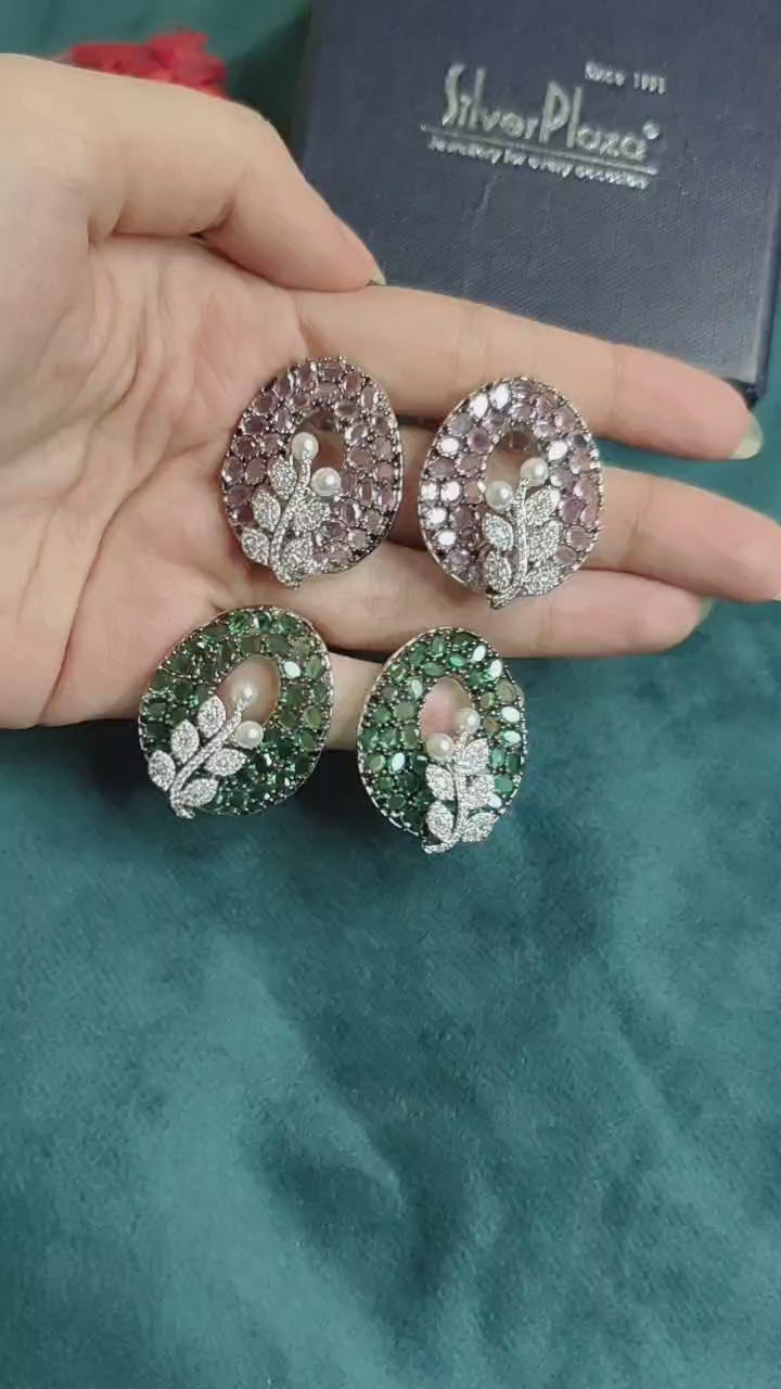 Obsession Leaf Shape Cubic Zircon Silver Plated Women Earring
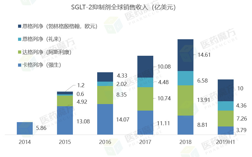 达格列净是一种钠-葡萄糖协同转运蛋白-2(SGLT-2)抑制剂。SGLT-2主要在肾脏表达,主要作用是帮助肾脏对葡萄糖的重吸收。SGLT-2抑制剂主要通过抑制SGLT-2的活动来减少肾脏对葡萄糖的重吸收,促进多余的葡萄糖通过尿液排出,进而发挥降糖作用。SGLT-2抑制剂是非胰岛素依赖性的降糖药,是糖尿病治疗的新途径。SGLT-2抑制剂这种降糖药用于治疗心衰的作用机制尚未完全阐明。截至目前,全球目前共批准上市了8款SGLT-2抑制剂类药物,其中托格列净、鲁格列净、伊格列净仅在日本获批。统计3个最受关注的SGLT-2抑制剂(默沙东埃格列净销售额未披露)可发现,SGLT-2抑制剂药物的市场规模在2018年已经超过40亿美元,2019年更是可能超过50亿美元。
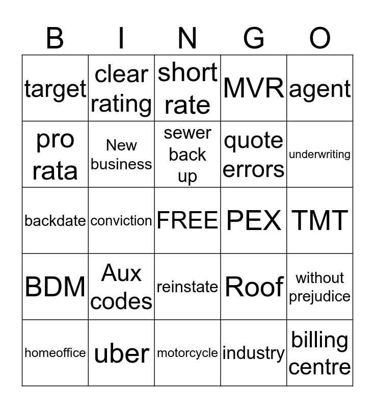 This bingo card has a free space and 89 words: PMS, Additional Insured, reinstate, bodily injury, commercial liability, Agency Bill, cancel, backdate, Travelers, wind/hail, sharepoint, guidewire, without prejudice, TMT, condo, sewer back up, policy service, customer service, claims, liability, accident benefits, loss, motorcycle, broker, backdate, uber, log home, fire, overland H2O, HITS, MVR, conviction, non disclosed, target, premium, short rate, pro rata, outlook, underwriting, homeoffice, BDM, software, HR, Risk Sharing Pool, Roof, PEX, Wiring, knob & tube, AUTO+, clear rating, comp, collision, SEF44, Vicarious Liability, earthquake, VIN, Watercraft, strata, TCPS, Solid heating, pellet stove, Appraisal, BCO, DURL, Late loss, Total Loss, Letter of Experience, Chieftan, Auto Reform, Aux codes, billing centre, broker portal, 3 pay, quote errors, New business, industry, insurance, wordings, exclusions, Uber, agent, adherence, tasks, phone, SLA, aluminium, repair, write off and 13D.
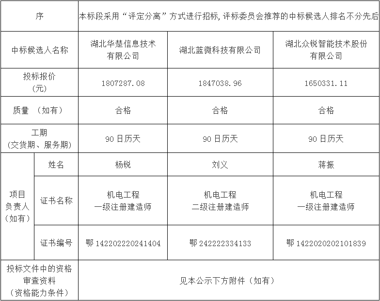 金投?新城臻品金投?新城臻品建設(shè)項(xiàng)目弱電智能化工程于2024年01月26日在湖北省電子招投標(biāo)交易平臺(tái)發(fā)布招標(biāo)公告,2024年02月27日在松滋市開標(biāo)室(2)開標(biāo),并于2024年02月27日完成評(píng)標(biāo)工作。根據(jù)評(píng)標(biāo)委員會(huì)提交的評(píng)標(biāo)報(bào)告,湖北松滋金投置業(yè)有限公司已經(jīng)確認(rèn)評(píng)標(biāo)結(jié)果,現(xiàn)進(jìn)行評(píng)標(biāo)結(jié)果公示。
■ ■ ■
## EXERCISE DESCRIPTION
Your task is to repeat exactly the lines from the beginning of the data to the line that contains "达格列净是一种钠-葡萄糖协同", both ends included, leaving out pictures.

## PROBLEM SOLUTION
 Obsession Leaf Shape Cubic Zircon Silver Plated Women Earring
 达格列净是一种钠-葡萄糖协同转运蛋白-2(SGLT-2)抑制剂。SGLT-2主要在肾脏表达,主要作用是帮助肾脏对葡萄糖的重吸收。SGLT-2抑制剂主要通过抑制SGLT-2的活动来减少肾脏对葡萄糖的重吸收,促进多余的葡萄糖通过尿液排出,进而发挥降糖作用。SGLT-2抑制剂是非胰岛素依赖性的降糖药,是糖尿病治疗的新途径。SGLT-2抑制剂这种降糖药用于治疗心衰的作用机制尚未完全阐明。截至目前,全球目前共批准上市了8款SGLT-2抑制剂类药物,其中托格列净、鲁格列净、伊格列净仅在日本获批。统计3个最受关注的SGLT-2抑制剂(默沙东埃格列净销售额未披露)可发现,SGLT-2抑制剂药物的市场规模在2018年已经超过40亿美元,2019年更是可能超过50亿美元。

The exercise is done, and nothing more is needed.